# EXERCISE DETAILS:
Could you repeat, exactly and with no pictures, only the lines from the start of the records through the line containing "[00:01.12] Hugh Jackman - Bring Him Home"?

(Collected data entries)
****
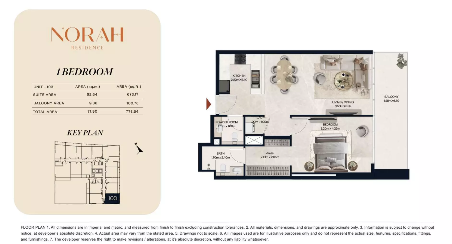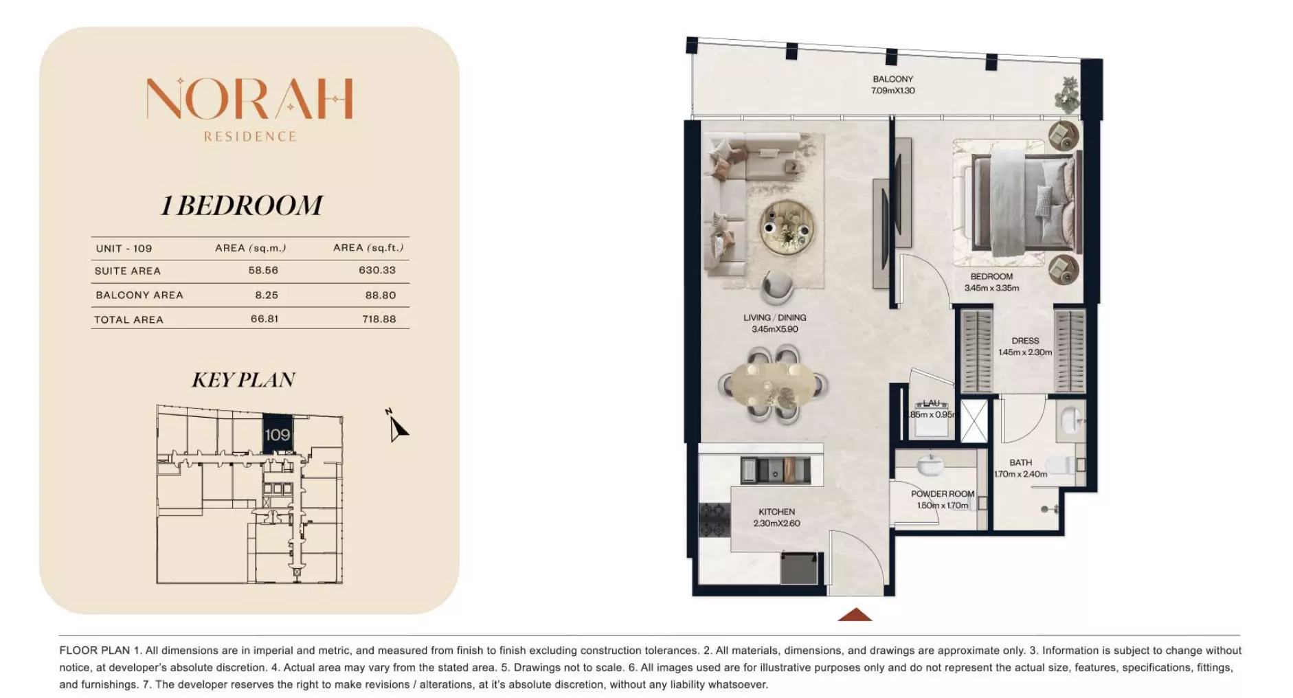 قیمت اولیه نورا رزیدنس ۶۵۰,۰۰۰ درهم است.
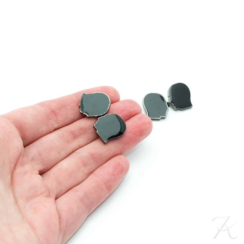 Rare and great Jean-Paul Gaultier vintage profile, face cufflinks. Black enamel. C.2000
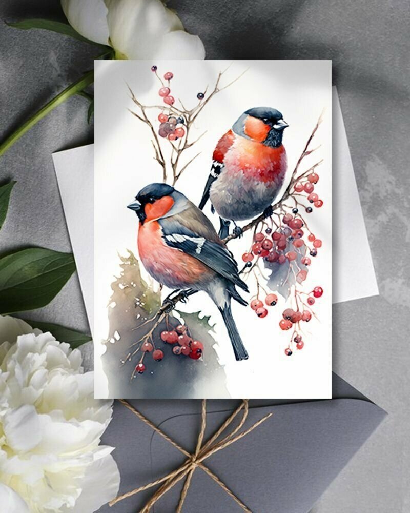 Набор открыток "Птицы Снегири", 10.5 см х 15 см, 4 шт, InspirationTime, на подарок и в коллекцию информация:
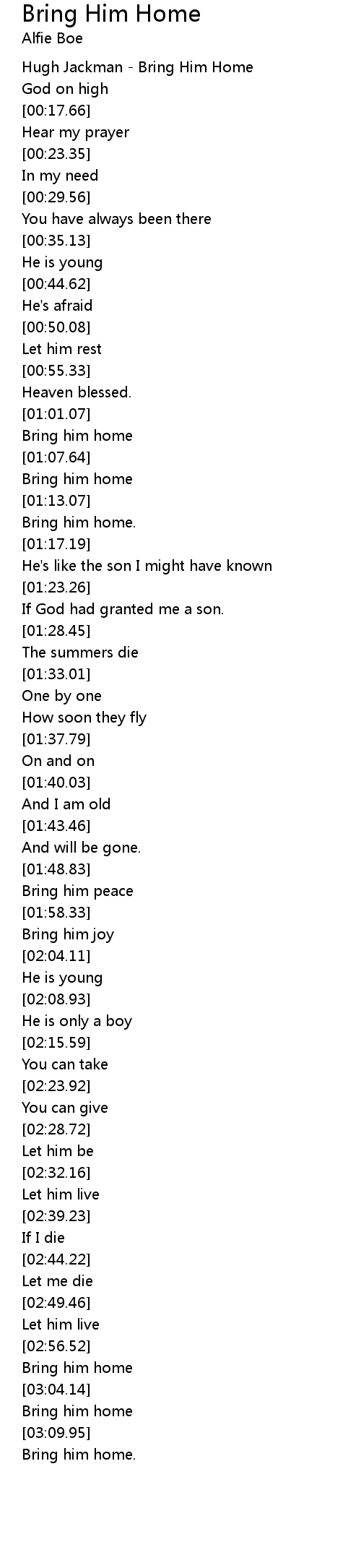 [00:01.12] Hugh Jackman - Bring Him Home
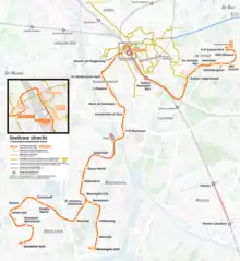 The Utrechtse sneltram travels via Utrecht Centraal station (abbreviated as Utrecht CS) between the Uithof district southeast of the station to Nieuwegein and IJsselstein southwest of the station.[3]
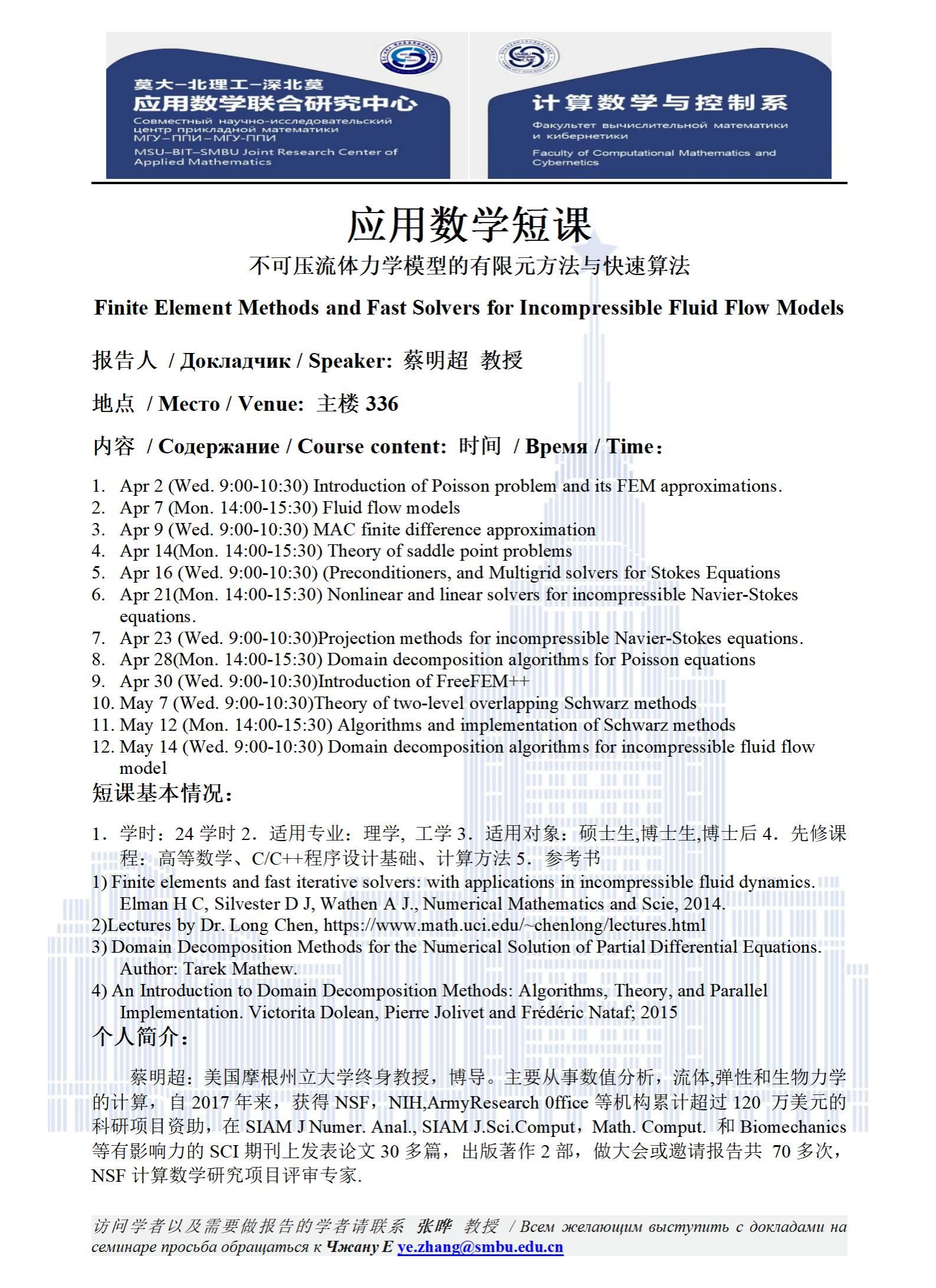 蔡明超:美国摩根州立大学终身教授,博导。主要从事数值分析,流体,弹性和生物力学的计算,自2017年来,获得NSF,NIH,ArmyResearch 0ffice等机构累计超过120 万美元的科研项目资助,在SIAM J Numer. Anal., SIAM J.Sci.Comput,Math. Comput. 和Biomechanics等有影响力的SCI期刊上发表论文30多篇,出版著作2部,做大会或邀请报告共 70多次,NSF计算数学研究项目评审专家.
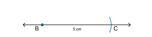 Draw a line segment (longer than \(5 \text{ cm}\)) and mark point \(B\). Use a compass to measure a length of \(5 \text{ cm}\) on your ruler. Keeping the compass width the same, place the compass on point \(B\) and draw a small arc to mark off a length of \(5 \text{ cm}\). Label the point \(C\).
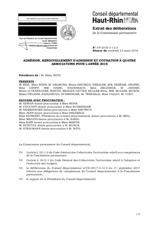 ADHÉSION, RENOUVELLEMENT D'ADHESION ET COTISATION À QUATRE ASSOCIATIONS POUR L'ANNÉE 2018
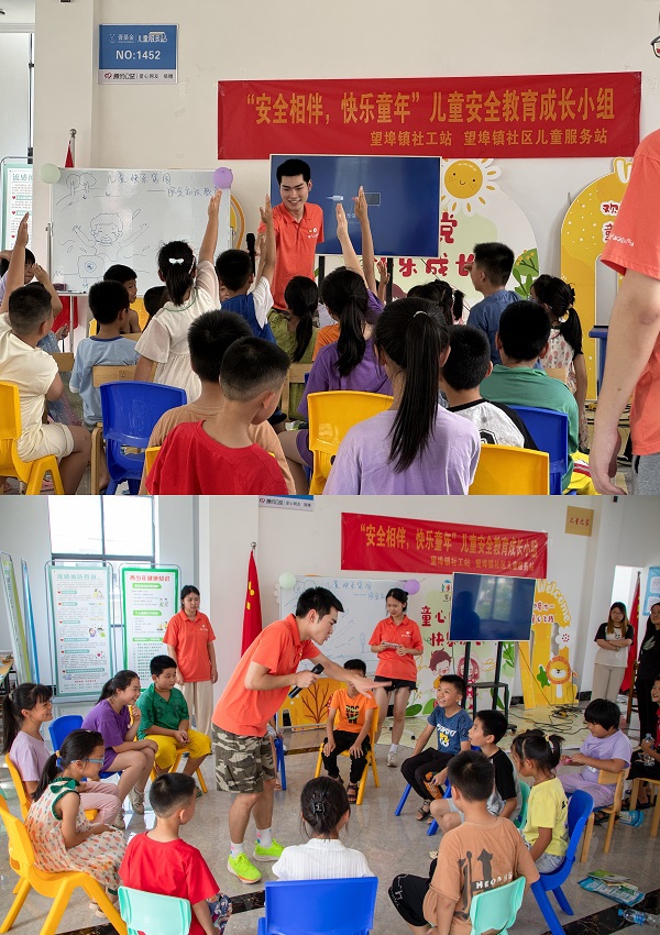 7月8日,实践团通过定点宣传与摆摊、流动发放宣传海报和手册、播放宣讲课堂视频等形式,为望埠镇居民普及安全知识。在随后的几天里,实践团前往望埠镇儿童快乐家园开展安全知识教育活动,以小游戏、互动问答、教唱歌曲的方式为望埠镇的小学生们开展了三次安全知识学习课堂。
****
# SOLUTION FOR THIS TASK:
 قیمت اولیه نورا رزیدنس ۶۵۰,۰۰۰ درهم است.
 Rare and great Jean-Paul Gaultier vintage profile, face cufflinks. Black enamel. C.2000
 Набор открыток "Птицы Снегири", 10.5 см х 15 см, 4 шт, InspirationTime, на подарок и в коллекцию информация:
 [00:01.12] Hugh Jackman - Bring Him Home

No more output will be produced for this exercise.